[SUPPLIED ENTRIES Boundary: Start]

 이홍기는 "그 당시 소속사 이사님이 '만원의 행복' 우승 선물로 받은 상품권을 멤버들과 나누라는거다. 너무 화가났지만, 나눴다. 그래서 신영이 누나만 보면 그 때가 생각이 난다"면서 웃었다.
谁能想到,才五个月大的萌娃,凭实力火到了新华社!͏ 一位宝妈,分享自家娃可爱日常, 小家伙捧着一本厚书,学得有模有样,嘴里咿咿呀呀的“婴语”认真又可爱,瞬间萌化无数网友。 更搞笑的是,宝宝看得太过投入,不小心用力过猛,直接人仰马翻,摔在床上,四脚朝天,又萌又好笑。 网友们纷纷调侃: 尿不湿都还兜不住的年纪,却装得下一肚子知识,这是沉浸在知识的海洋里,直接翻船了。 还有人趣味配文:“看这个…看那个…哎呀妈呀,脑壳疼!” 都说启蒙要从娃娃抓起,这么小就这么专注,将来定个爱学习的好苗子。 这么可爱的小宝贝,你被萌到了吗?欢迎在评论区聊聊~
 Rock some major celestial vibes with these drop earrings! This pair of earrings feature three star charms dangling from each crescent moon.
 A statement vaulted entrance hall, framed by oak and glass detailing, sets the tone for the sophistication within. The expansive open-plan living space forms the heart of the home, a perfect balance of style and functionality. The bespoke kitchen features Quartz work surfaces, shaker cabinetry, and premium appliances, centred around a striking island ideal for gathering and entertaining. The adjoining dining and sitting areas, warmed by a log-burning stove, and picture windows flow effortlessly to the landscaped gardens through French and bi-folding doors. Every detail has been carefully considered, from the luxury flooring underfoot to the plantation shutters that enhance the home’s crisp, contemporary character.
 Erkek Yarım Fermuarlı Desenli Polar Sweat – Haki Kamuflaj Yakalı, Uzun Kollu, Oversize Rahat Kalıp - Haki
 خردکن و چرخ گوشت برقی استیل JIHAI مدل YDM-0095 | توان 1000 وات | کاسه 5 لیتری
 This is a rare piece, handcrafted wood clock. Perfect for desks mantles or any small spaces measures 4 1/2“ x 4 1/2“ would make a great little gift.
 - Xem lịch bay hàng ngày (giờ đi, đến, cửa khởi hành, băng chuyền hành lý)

[SUPPLIED ENTRIES Boundary: End]

TASK GOAL ▸ Each entry shown above is to be duplicated exactly.

PROBLEM SOLUTION ▸
 이홍기는 "그 당시 소속사 이사님이 '만원의 행복' 우승 선물로 받은 상품권을 멤버들과 나누라는거다. 너무 화가났지만, 나눴다. 그래서 신영이 누나만 보면 그 때가 생각이 난다"면서 웃었다.
谁能想到,才五个月大的萌娃,凭实力火到了新华社!͏ 一位宝妈,分享自家娃可爱日常, 小家伙捧着一本厚书,学得有模有样,嘴里咿咿呀呀的“婴语”认真又可爱,瞬间萌化无数网友。 更搞笑的是,宝宝看得太过投入,不小心用力过猛,直接人仰马翻,摔在床上,四脚朝天,又萌又好笑。 网友们纷纷调侃: 尿不湿都还兜不住的年纪,却装得下一肚子知识,这是沉浸在知识的海洋里,直接翻船了。 还有人趣味配文:“看这个…看那个…哎呀妈呀,脑壳疼!” 都说启蒙要从娃娃抓起,这么小就这么专注,将来定个爱学习的好苗子。 这么可爱的小宝贝,你被萌到了吗?欢迎在评论区聊聊~
 Rock some major celestial vibes with these drop earrings! This pair of earrings feature three star charms dangling from each crescent moon.
 A statement vaulted entrance hall, framed by oak and glass detailing, sets the tone for the sophistication within. The expansive open-plan living space forms the heart of the home, a perfect balance of style and functionality. The bespoke kitchen features Quartz work surfaces, shaker cabinetry, and premium appliances, centred around a striking island ideal for gathering and entertaining. The adjoining dining and sitting areas, warmed by a log-burning stove, and picture windows flow effortlessly to the landscaped gardens through French and bi-folding doors. Every detail has been carefully considered, from the luxury flooring underfoot to the plantation shutters that enhance the home’s crisp, contemporary character.
 Erkek Yarım Fermuarlı Desenli Polar Sweat – Haki Kamuflaj Yakalı, Uzun Kollu, Oversize Rahat Kalıp - Haki
 خردکن و چرخ گوشت برقی استیل JIHAI مدل YDM-0095 | توان 1000 وات | کاسه 5 لیتری
 This is a rare piece, handcrafted wood clock. Perfect for desks mantles or any small spaces measures 4 1/2“ x 4 1/2“ would make a great little gift.
 - Xem lịch bay hàng ngày (giờ đi, đến, cửa khởi hành, băng chuyền hành lý)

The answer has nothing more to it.